● Source records
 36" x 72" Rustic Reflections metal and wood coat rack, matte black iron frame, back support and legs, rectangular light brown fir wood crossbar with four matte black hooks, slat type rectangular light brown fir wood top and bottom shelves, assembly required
...
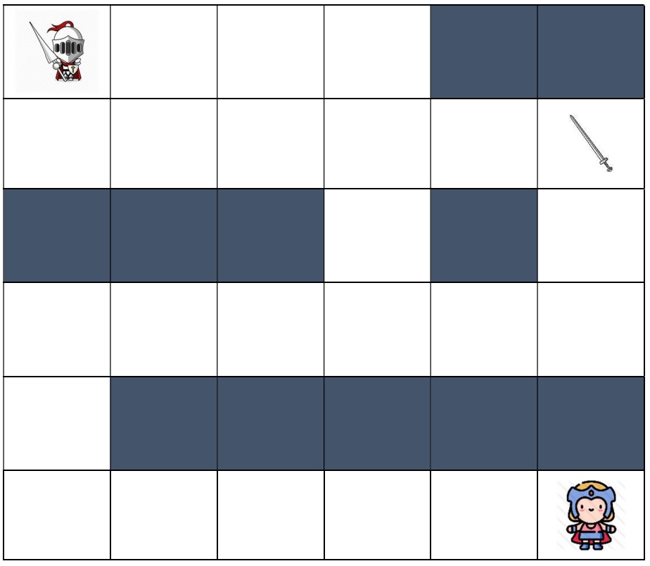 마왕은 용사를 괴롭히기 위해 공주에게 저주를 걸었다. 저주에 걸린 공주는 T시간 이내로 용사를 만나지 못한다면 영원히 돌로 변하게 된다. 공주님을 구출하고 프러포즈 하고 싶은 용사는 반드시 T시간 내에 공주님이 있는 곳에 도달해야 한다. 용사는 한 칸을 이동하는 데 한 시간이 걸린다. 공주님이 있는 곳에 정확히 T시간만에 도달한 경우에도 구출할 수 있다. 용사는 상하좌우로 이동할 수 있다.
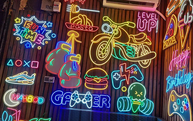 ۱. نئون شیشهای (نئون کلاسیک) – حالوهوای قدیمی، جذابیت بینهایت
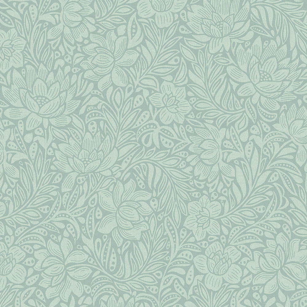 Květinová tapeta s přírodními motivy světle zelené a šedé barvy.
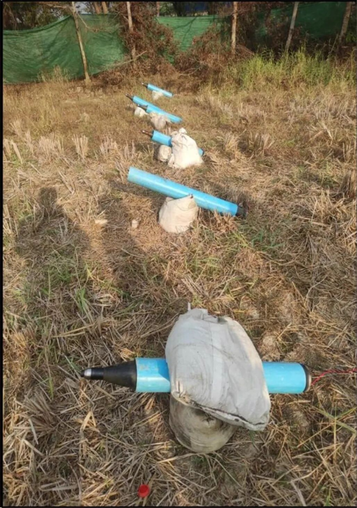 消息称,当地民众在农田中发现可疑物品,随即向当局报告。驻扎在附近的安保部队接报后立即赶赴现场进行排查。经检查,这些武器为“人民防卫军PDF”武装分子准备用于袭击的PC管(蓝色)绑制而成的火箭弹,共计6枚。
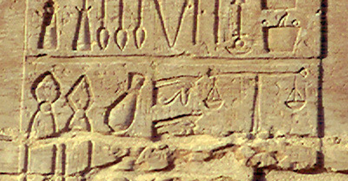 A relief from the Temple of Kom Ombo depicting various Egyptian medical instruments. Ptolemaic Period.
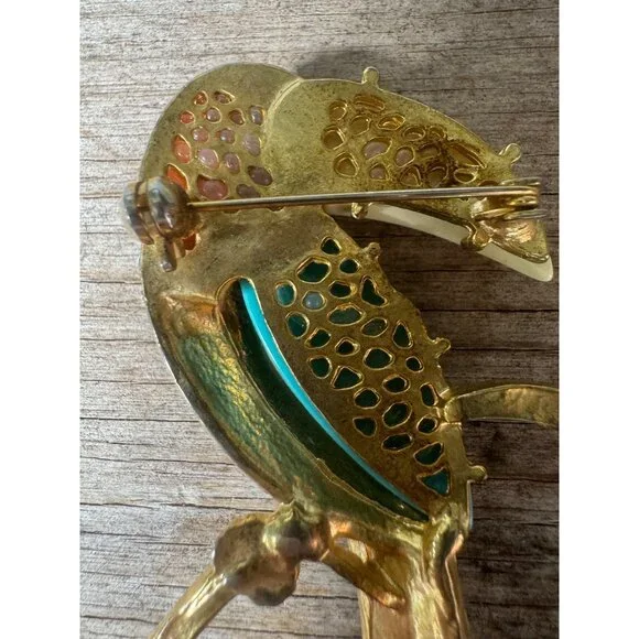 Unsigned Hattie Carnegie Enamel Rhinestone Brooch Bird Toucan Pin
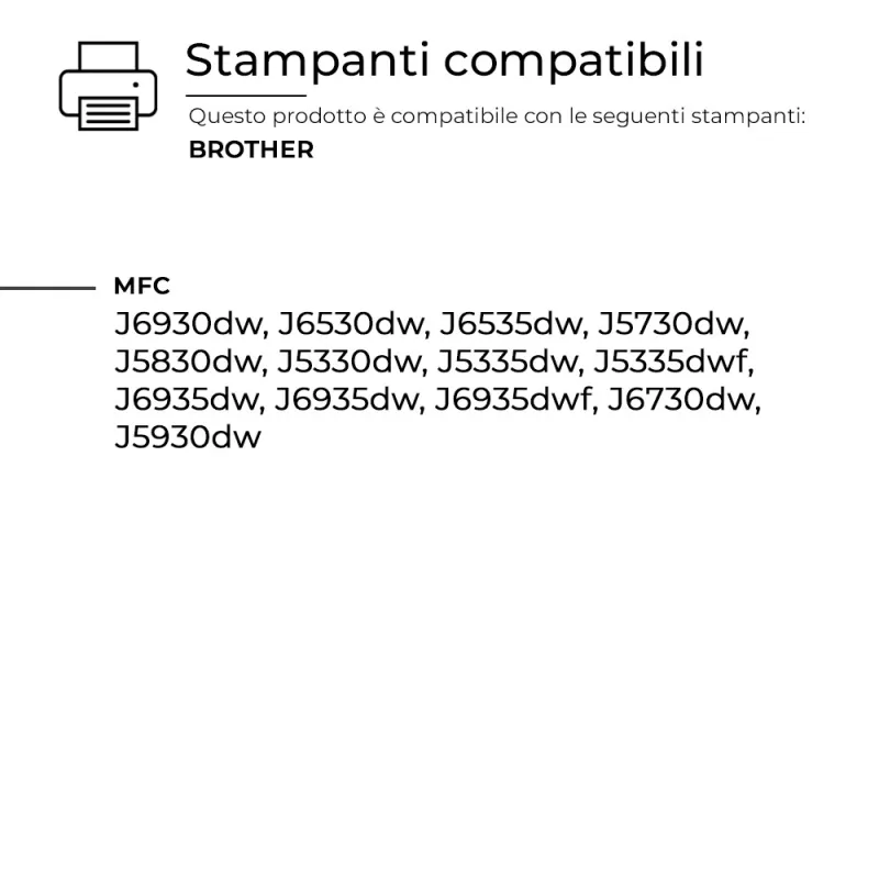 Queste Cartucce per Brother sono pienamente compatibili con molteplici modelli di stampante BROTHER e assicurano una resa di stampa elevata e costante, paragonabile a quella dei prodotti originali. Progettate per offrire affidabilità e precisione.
==
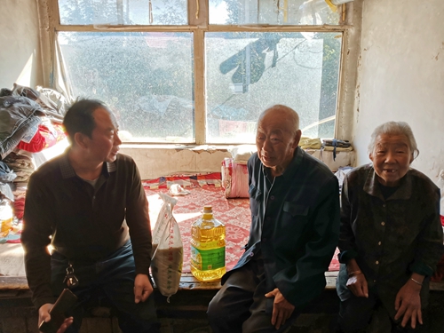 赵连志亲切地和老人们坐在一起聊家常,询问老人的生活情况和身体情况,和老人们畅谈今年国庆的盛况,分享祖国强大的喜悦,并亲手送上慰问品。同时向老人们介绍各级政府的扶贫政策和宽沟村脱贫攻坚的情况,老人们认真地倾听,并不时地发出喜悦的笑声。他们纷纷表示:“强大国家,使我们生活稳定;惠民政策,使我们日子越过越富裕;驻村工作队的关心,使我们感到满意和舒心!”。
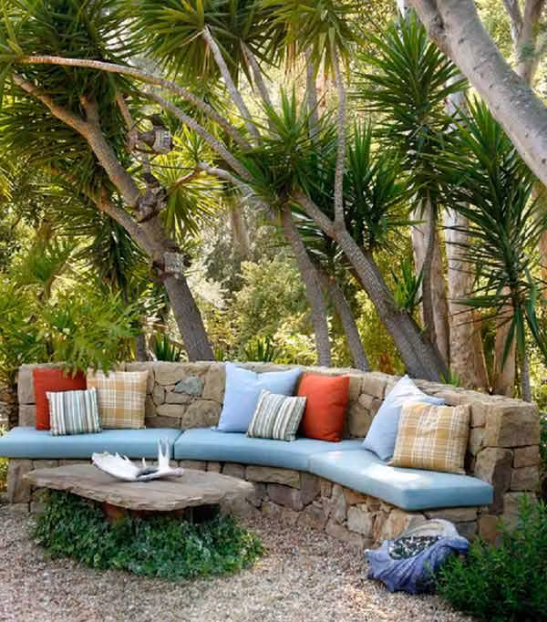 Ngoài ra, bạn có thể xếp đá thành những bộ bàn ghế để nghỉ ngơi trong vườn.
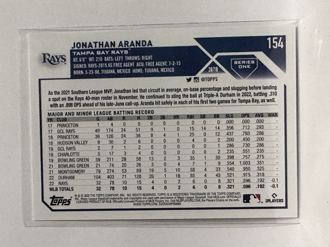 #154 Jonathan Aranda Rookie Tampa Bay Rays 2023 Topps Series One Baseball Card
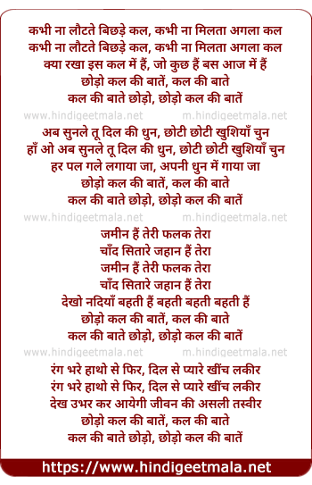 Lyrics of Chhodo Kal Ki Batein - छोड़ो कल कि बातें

● Work order
Would you restate, exactly and with no pictures, the lines of the entries above from the one containing "마왕은 용사를 괴롭히기" through the one containing "Queste Cartucce per"?

● Solution for this exercise
 마왕은 용사를 괴롭히기 위해 공주에게 저주를 걸었다. 저주에 걸린 공주는 T시간 이내로 용사를 만나지 못한다면 영원히 돌로 변하게 된다. 공주님을 구출하고 프러포즈 하고 싶은 용사는 반드시 T시간 내에 공주님이 있는 곳에 도달해야 한다. 용사는 한 칸을 이동하는 데 한 시간이 걸린다. 공주님이 있는 곳에 정확히 T시간만에 도달한 경우에도 구출할 수 있다. 용사는 상하좌우로 이동할 수 있다.
 ۱. نئون شیشهای (نئون کلاسیک) – حالوهوای قدیمی، جذابیت بینهایت
 Květinová tapeta s přírodními motivy světle zelené a šedé barvy.
 消息称,当地民众在农田中发现可疑物品,随即向当局报告。驻扎在附近的安保部队接报后立即赶赴现场进行排查。经检查,这些武器为“人民防卫军PDF”武装分子准备用于袭击的PC管(蓝色)绑制而成的火箭弹,共计6枚。
 A relief from the Temple of Kom Ombo depicting various Egyptian medical instruments. Ptolemaic Period.
 Unsigned Hattie Carnegie Enamel Rhinestone Brooch Bird Toucan Pin
 Queste Cartucce per Brother sono pienamente compatibili con molteplici modelli di stampante BROTHER e assicurano una resa di stampa elevata e costante, paragonabile a quella dei prodotti originali. Progettate per offrire affidabilità e precisione.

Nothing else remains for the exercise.